== DATA SHOWN ==
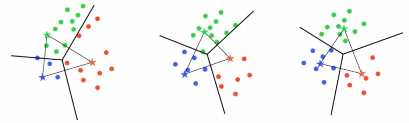 - 根据当前的划分情况,重新计算每类的中心(均值)
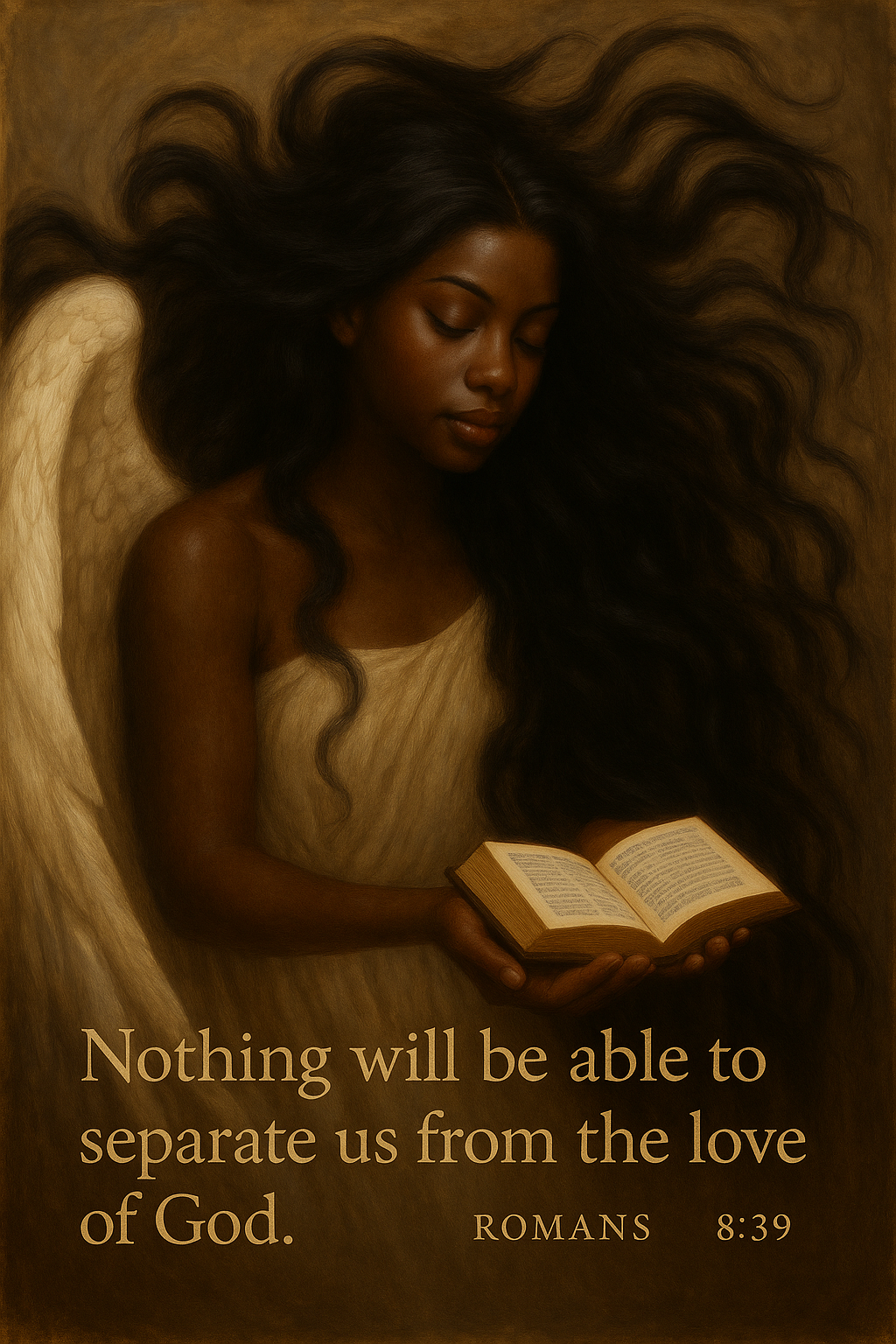 Let peace and divine love fill your space with this angelic scripture poster, featuring a serene winged figure holding an open book and the timeless promise of Romans 8:39:
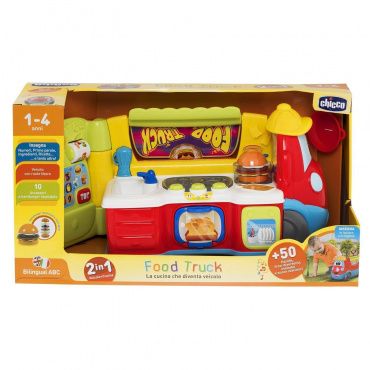 Говорящая игрушка Chicco “Фургон-кухня” двуязычная обучающая игрушка-автомобиль, который превращается в кухню и наоборот.
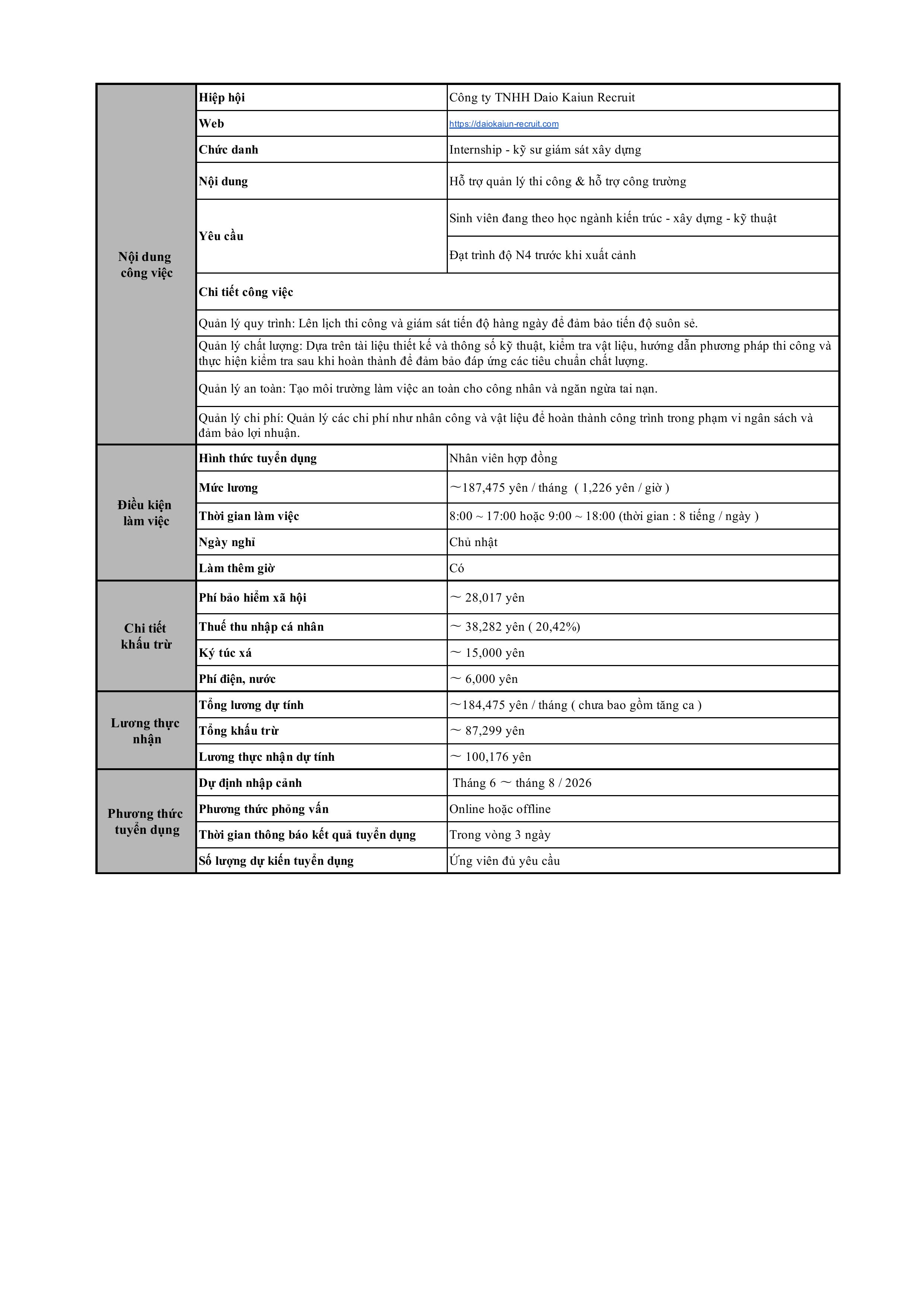 Lương thực nhận dự kiến: ~ 100,176 yên/tháng (chưa tính tăng ca)
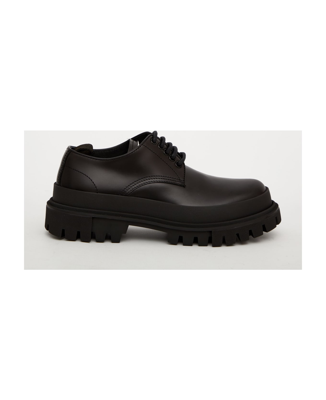 Derby shoes in black leather with branded rubber lug sole. Branded metal plate on tongue.
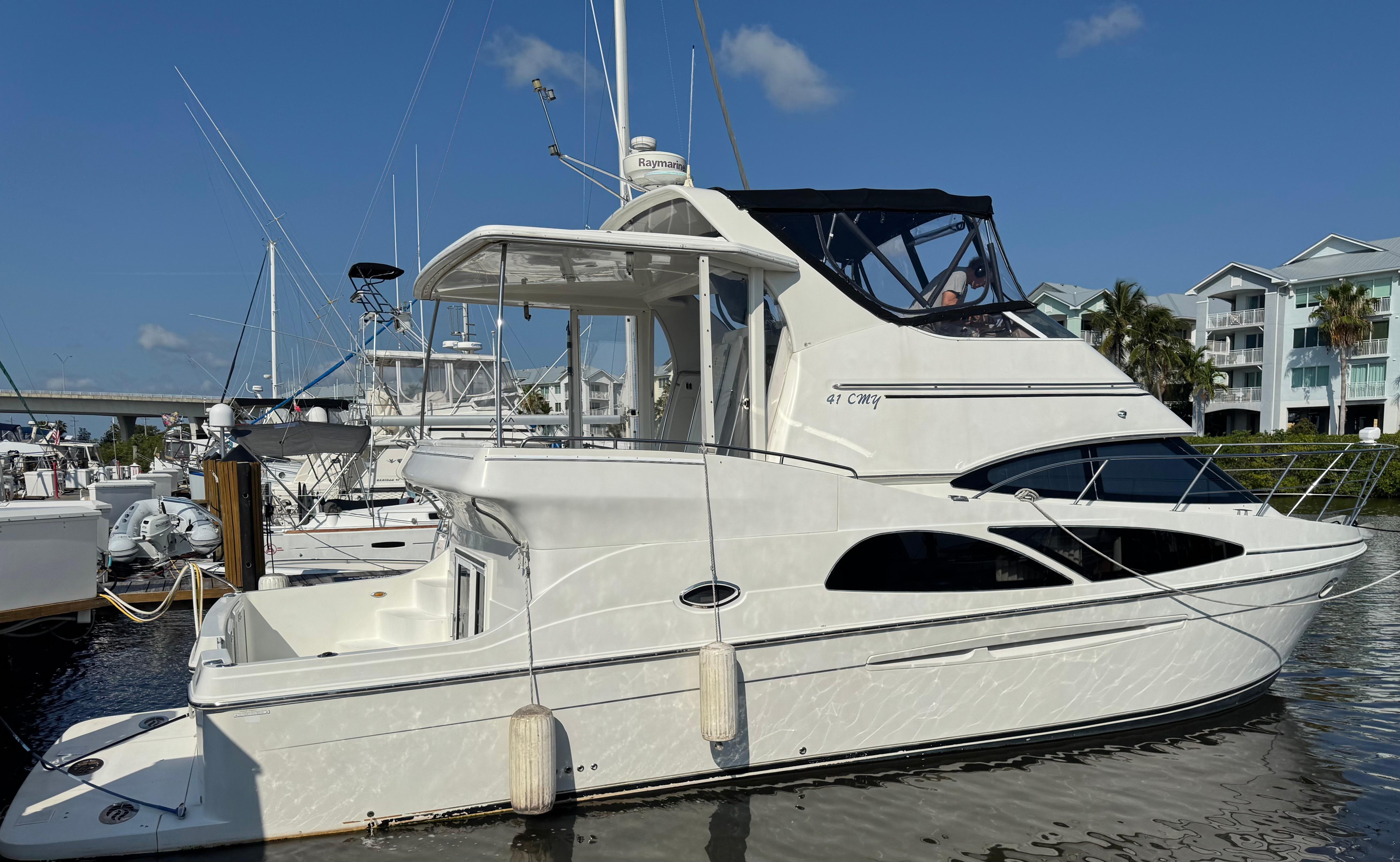 '05 Carver 41 Cockpit Motor Yacht We are pleased to present this Carver 41 Cockpit Motor Yacht Gather your guests on the aft deck and toast to the sunset, or round up the kids and break out the water toys. The extended cockpit on the 41 Cockpit Motor Yacht offers plenty of room for both stylish entertainment and aquatic fun. What's more, is well-appointed environments and updated amenities change the playing field of what yachters can expect from a high-quality, intelligently designed leisure vessel.The cockpit is a key strategy to all-out recreational enjoyment. Its inviting sunlit space and tempting swim platform promise to deliver winning options in yachting fun and the ultimate way to tailgate. Family fun or social activities also kick off easily in the open salon, on the shaded aft deck, or atop the spacious bridge.The popular en suite arrangement of Carver's Motor Yacht series, combined with the inviting calm of the designer decor on the 41 make calling it a day an absolute pleasure. Two comfortable staterooms and two heads are separated by the entire length of the yacht for welcome privacy. Contemporary updates and classic design team up to make this model an unbeatable choice in cruising pleasure. With so may areas for entertaining and so much comfort throughout, the 41 Cockpit Motor Yacht is sure to create an avid fan following.
===
§ **EXERCISE DIRECTIONS**: Although the records above contain pictures, the copy must not; set down exactly the lines from the one with "Let peace and" up to and including the one with "Derby shoes in".

§ **RESPONSE**:
 Let peace and divine love fill your space with this angelic scripture poster, featuring a serene winged figure holding an open book and the timeless promise of Romans 8:39:
 Говорящая игрушка Chicco “Фургон-кухня” двуязычная обучающая игрушка-автомобиль, который превращается в кухню и наоборот.
 Lương thực nhận dự kiến: ~ 100,176 yên/tháng (chưa tính tăng ca)
 Derby shoes in black leather with branded rubber lug sole. Branded metal plate on tongue.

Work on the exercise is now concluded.